- [EXERCISE] Beginning with the line that holds "Cuando el cerebro" and finishing with the line that holds "This bingo card", repeat the listing exactly, leaving every picture out.

++++ PROVIDED DATA ++++

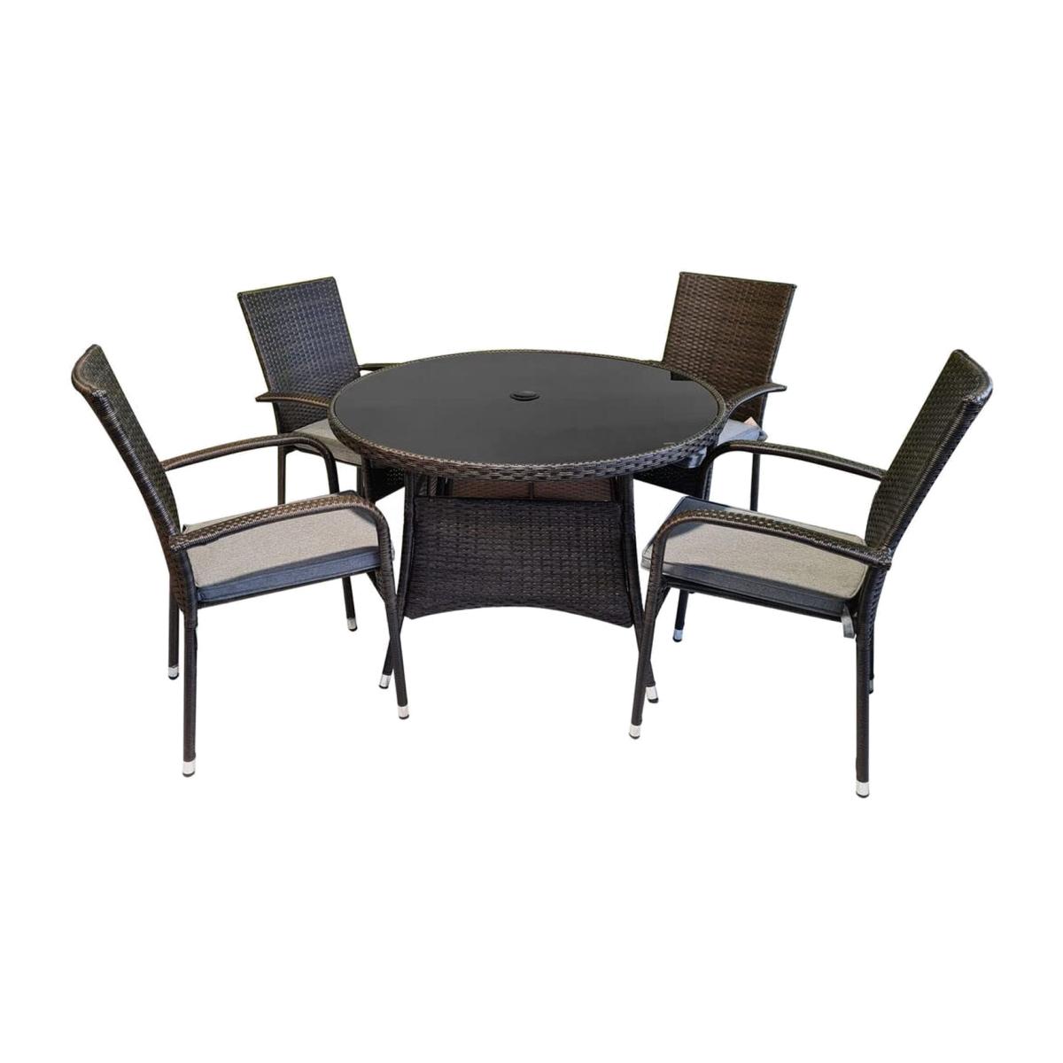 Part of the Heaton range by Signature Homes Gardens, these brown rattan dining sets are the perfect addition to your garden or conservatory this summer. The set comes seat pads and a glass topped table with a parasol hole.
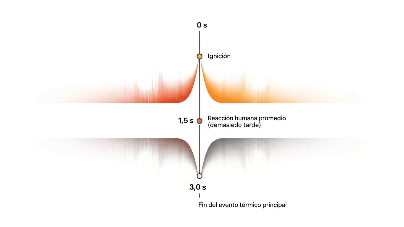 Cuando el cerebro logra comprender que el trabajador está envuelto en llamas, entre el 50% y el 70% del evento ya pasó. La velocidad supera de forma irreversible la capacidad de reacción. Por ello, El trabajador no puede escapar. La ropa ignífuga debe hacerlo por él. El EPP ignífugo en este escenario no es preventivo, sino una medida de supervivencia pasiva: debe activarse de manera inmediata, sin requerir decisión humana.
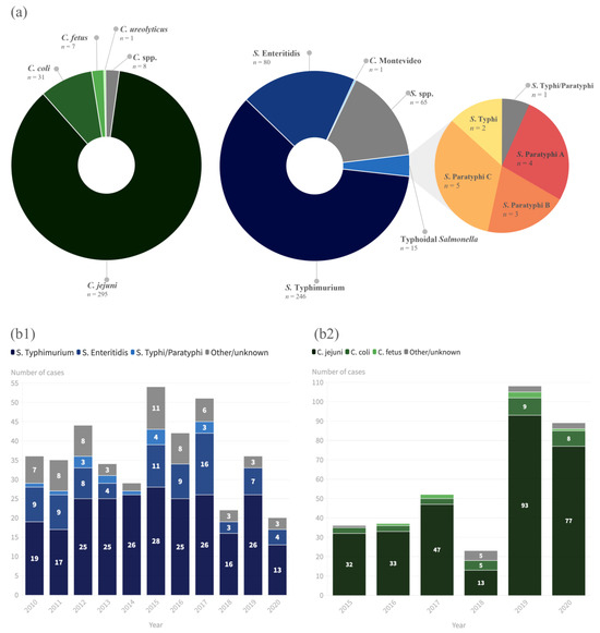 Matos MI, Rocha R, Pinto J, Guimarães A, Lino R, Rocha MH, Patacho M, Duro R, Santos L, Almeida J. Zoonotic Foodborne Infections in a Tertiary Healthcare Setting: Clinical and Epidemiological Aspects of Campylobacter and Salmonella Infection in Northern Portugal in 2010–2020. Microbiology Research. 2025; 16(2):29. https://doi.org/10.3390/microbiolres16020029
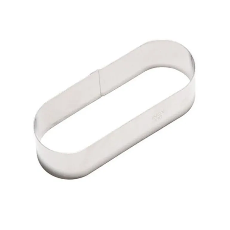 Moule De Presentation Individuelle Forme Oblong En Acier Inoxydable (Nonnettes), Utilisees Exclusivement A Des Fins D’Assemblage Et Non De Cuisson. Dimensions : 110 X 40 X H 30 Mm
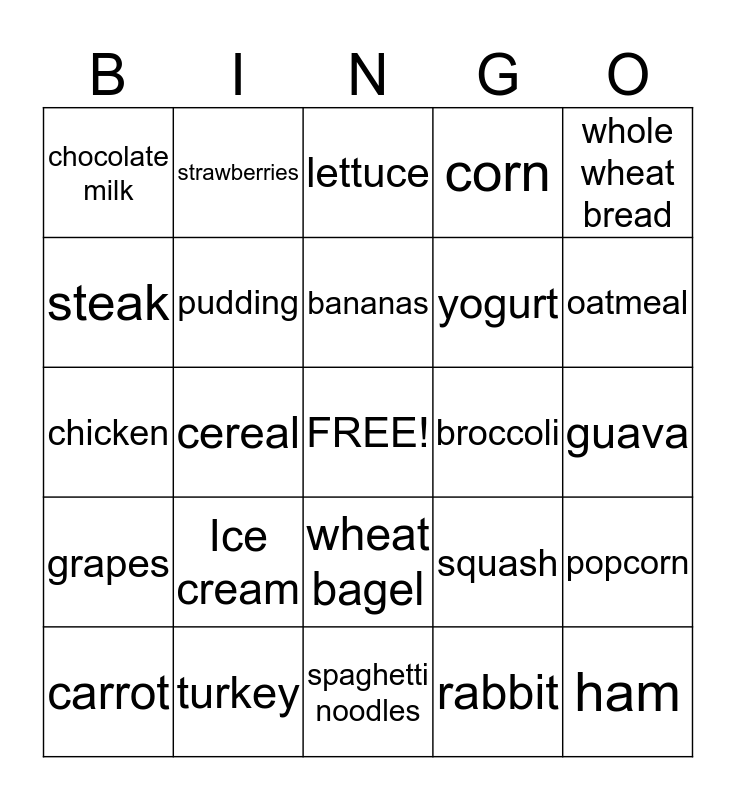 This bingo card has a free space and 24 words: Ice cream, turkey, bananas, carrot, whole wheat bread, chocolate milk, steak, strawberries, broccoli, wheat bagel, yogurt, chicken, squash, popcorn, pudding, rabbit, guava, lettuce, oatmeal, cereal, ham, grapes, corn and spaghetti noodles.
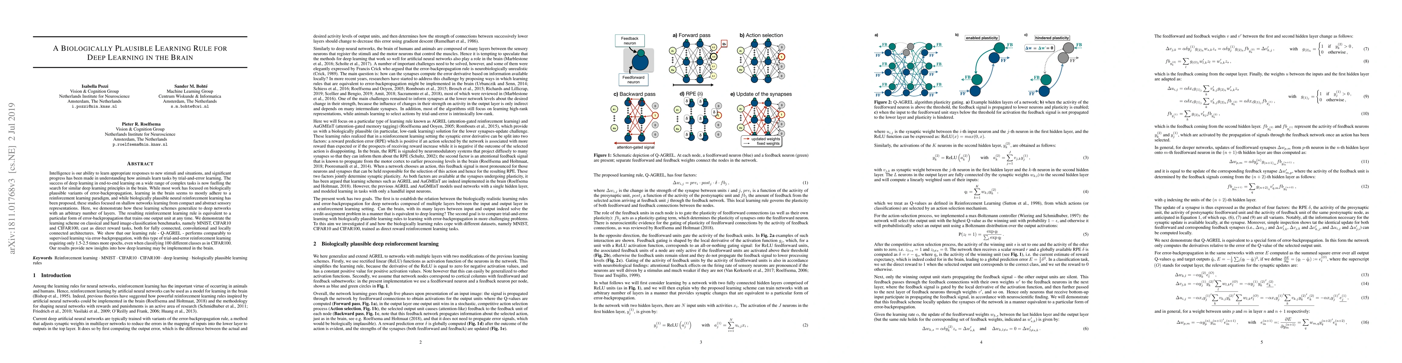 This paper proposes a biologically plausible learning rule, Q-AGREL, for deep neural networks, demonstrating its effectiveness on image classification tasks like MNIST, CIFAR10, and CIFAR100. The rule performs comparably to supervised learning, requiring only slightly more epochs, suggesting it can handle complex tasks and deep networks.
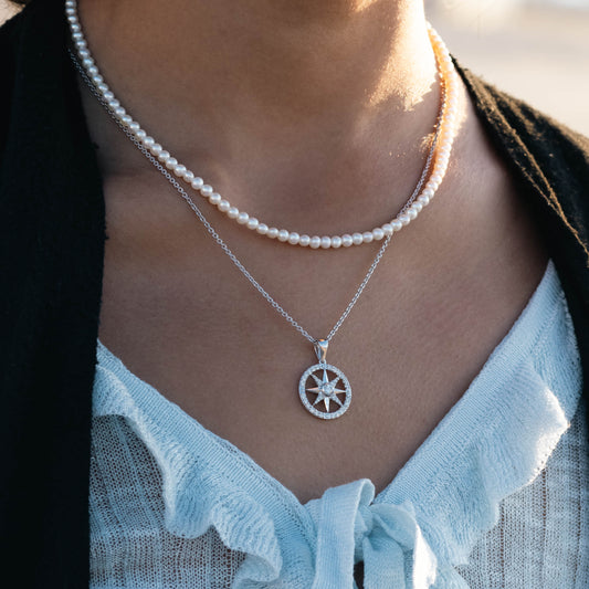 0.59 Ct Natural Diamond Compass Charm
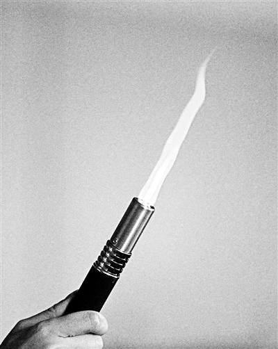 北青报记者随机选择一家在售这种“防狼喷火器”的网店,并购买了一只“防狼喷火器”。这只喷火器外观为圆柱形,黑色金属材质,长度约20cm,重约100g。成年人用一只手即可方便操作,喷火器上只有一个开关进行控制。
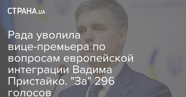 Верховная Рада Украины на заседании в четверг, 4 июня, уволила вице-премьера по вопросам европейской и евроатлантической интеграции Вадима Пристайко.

++++
++++ PROVIDED DATA ++++

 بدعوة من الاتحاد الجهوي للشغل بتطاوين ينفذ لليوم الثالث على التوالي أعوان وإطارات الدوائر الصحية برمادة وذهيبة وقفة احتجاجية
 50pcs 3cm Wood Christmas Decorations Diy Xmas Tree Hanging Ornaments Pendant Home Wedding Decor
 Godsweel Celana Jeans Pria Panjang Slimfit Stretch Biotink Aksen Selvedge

++++

- [ANSWER SECTION]
 Cuando el cerebro logra comprender que el trabajador está envuelto en llamas, entre el 50% y el 70% del evento ya pasó. La velocidad supera de forma irreversible la capacidad de reacción. Por ello, El trabajador no puede escapar. La ropa ignífuga debe hacerlo por él. El EPP ignífugo en este escenario no es preventivo, sino una medida de supervivencia pasiva: debe activarse de manera inmediata, sin requerir decisión humana.
 Matos MI, Rocha R, Pinto J, Guimarães A, Lino R, Rocha MH, Patacho M, Duro R, Santos L, Almeida J. Zoonotic Foodborne Infections in a Tertiary Healthcare Setting: Clinical and Epidemiological Aspects of Campylobacter and Salmonella Infection in Northern Portugal in 2010–2020. Microbiology Research. 2025; 16(2):29. https://doi.org/10.3390/microbiolres16020029
 Moule De Presentation Individuelle Forme Oblong En Acier Inoxydable (Nonnettes), Utilisees Exclusivement A Des Fins D’Assemblage Et Non De Cuisson. Dimensions : 110 X 40 X H 30 Mm
 This bingo card has a free space and 24 words: Ice cream, turkey, bananas, carrot, whole wheat bread, chocolate milk, steak, strawberries, broccoli, wheat bagel, yogurt, chicken, squash, popcorn, pudding, rabbit, guava, lettuce, oatmeal, cereal, ham, grapes, corn and spaghetti noodles.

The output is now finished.